▶ [Records]:
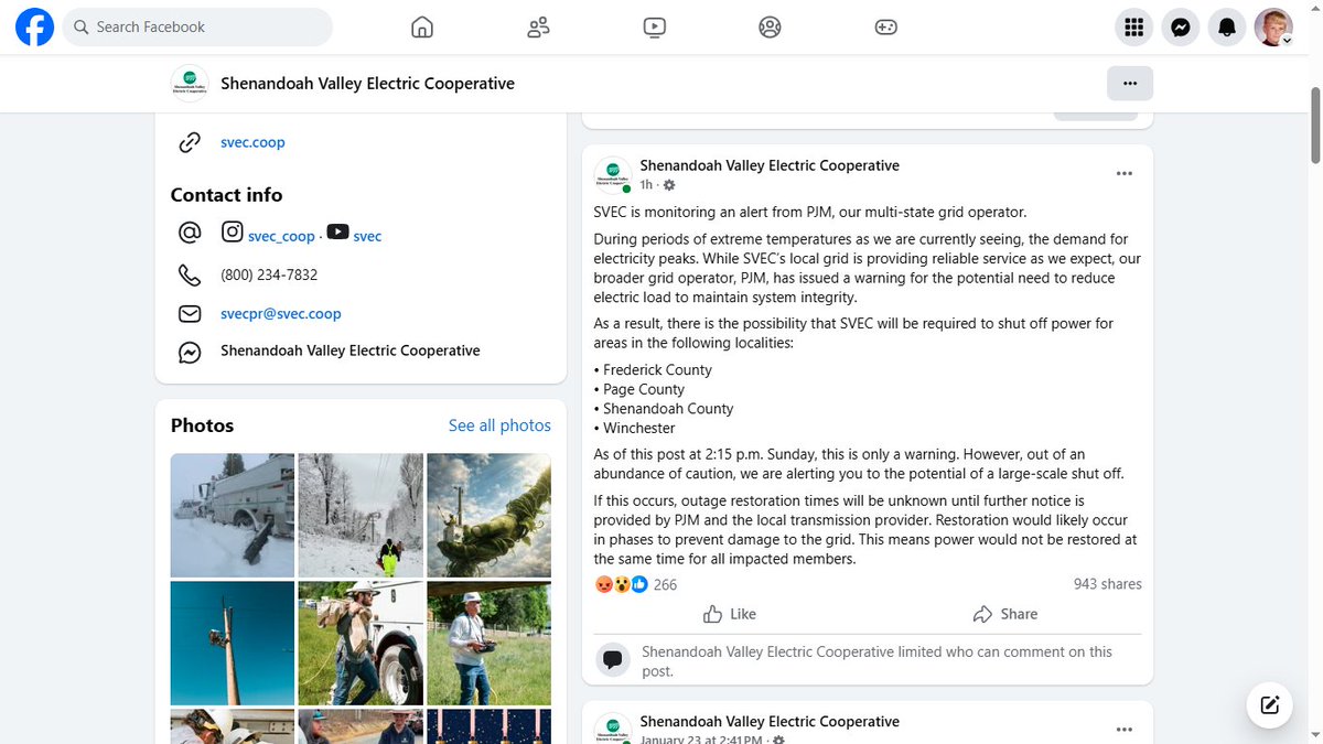 Some local electric cooperatives, like the Shenandoah Valley Electric Cooperative below, who buy power from PJM were still sending notices to area customers about having to potentially shut off power to certain areas in their districts because of power supply shortages.
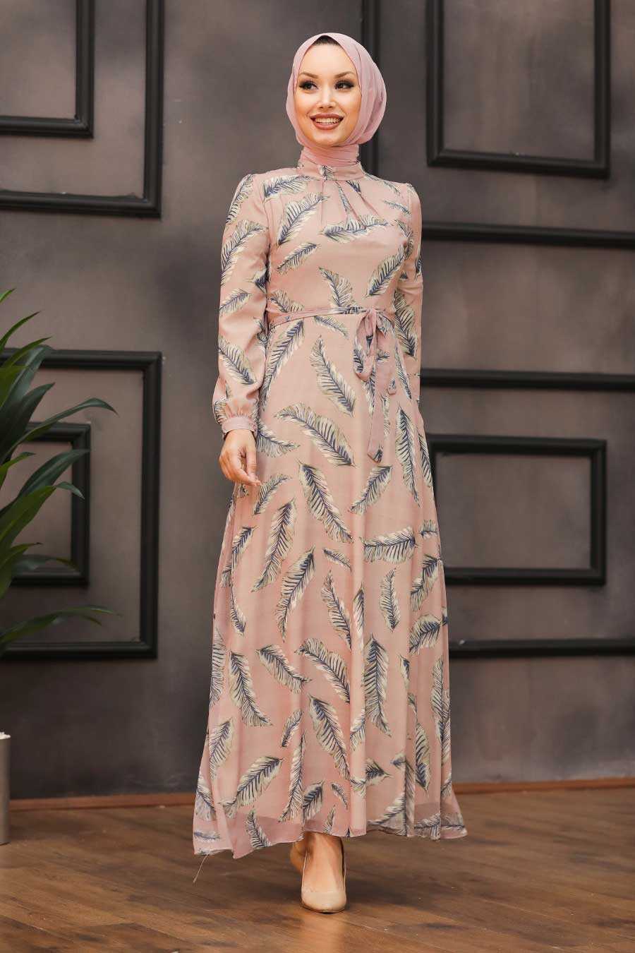 Powder Pink Hijab Daily Dress 81540PD
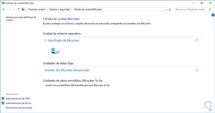 BitLocker usa TPM para validar el arranque del sistema y así garantizar que el disco duro está en óptimas condiciones de seguridad y funcionamiento lo cual ayudará a la seguridad de nuestros datos en Windows 10.
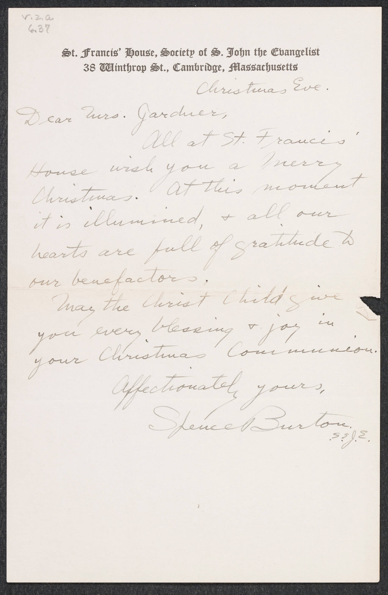 Letter to Isabella Stewart Gardner from St. Francis House, Society of S. John the Evangelist, 38 Winthrop Street, Cambridge, Massachusetts
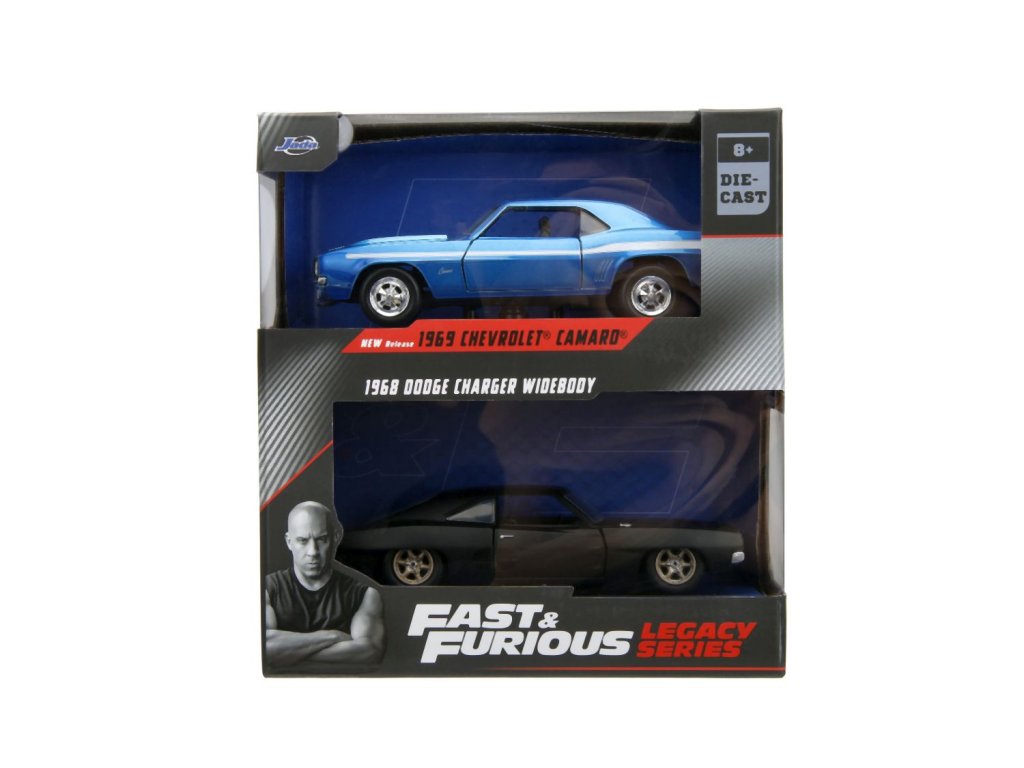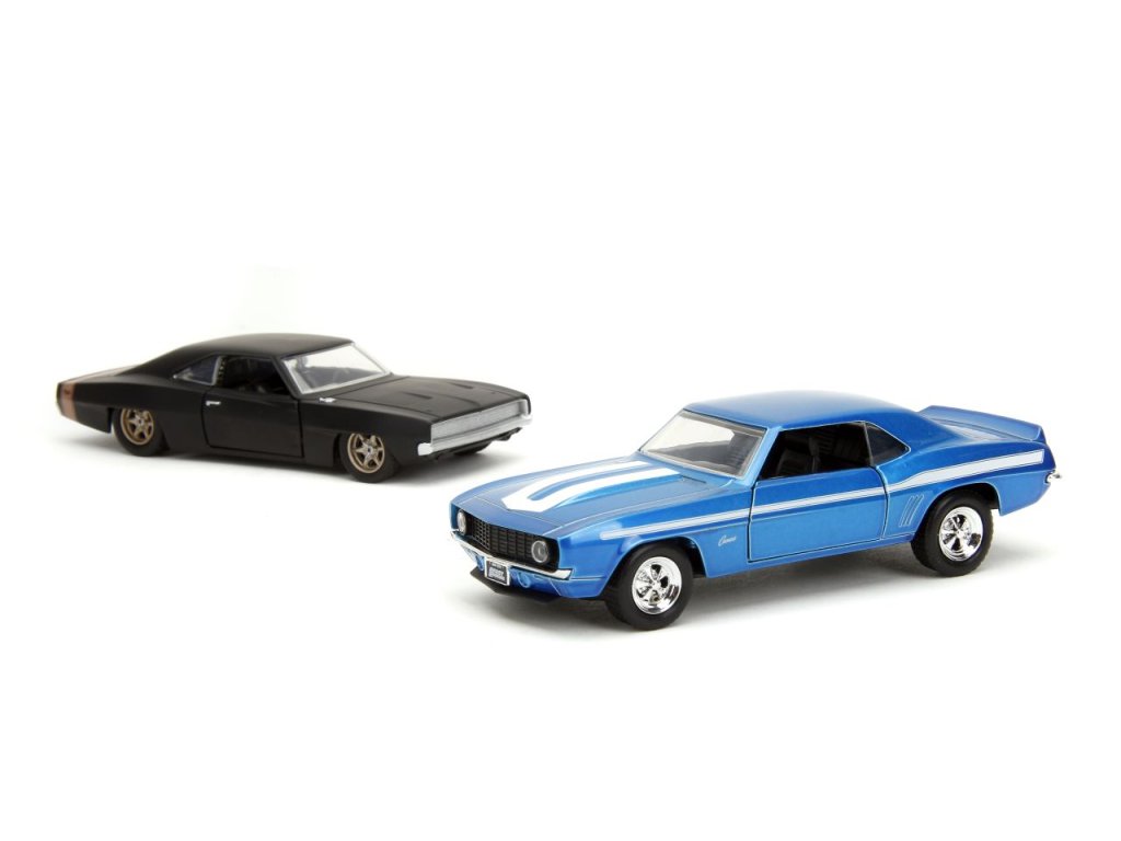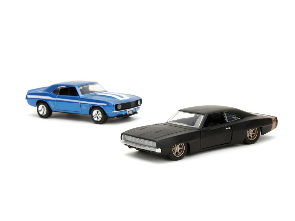 Kovové modely aut z filmu Rychle a zběsile ve dvojbalení - Chevrolet Camaro 1969 a Dodge Charger Wide Body 1968, volnoběh, otevírací dveře, měřítko 1:32, velikost 13 cm. Wave 2/1.Doplňkové parametry

▶ [What is required]: After locating "BitLocker usa TPM" and "Letter to Isabella" in the records above, return exactly the line holding each one and every line between them; leave out the pictures.

▶ [Answer to this task]:
 BitLocker usa TPM para validar el arranque del sistema y así garantizar que el disco duro está en óptimas condiciones de seguridad y funcionamiento lo cual ayudará a la seguridad de nuestros datos en Windows 10.
 Letter to Isabella Stewart Gardner from St. Francis House, Society of S. John the Evangelist, 38 Winthrop Street, Cambridge, Massachusetts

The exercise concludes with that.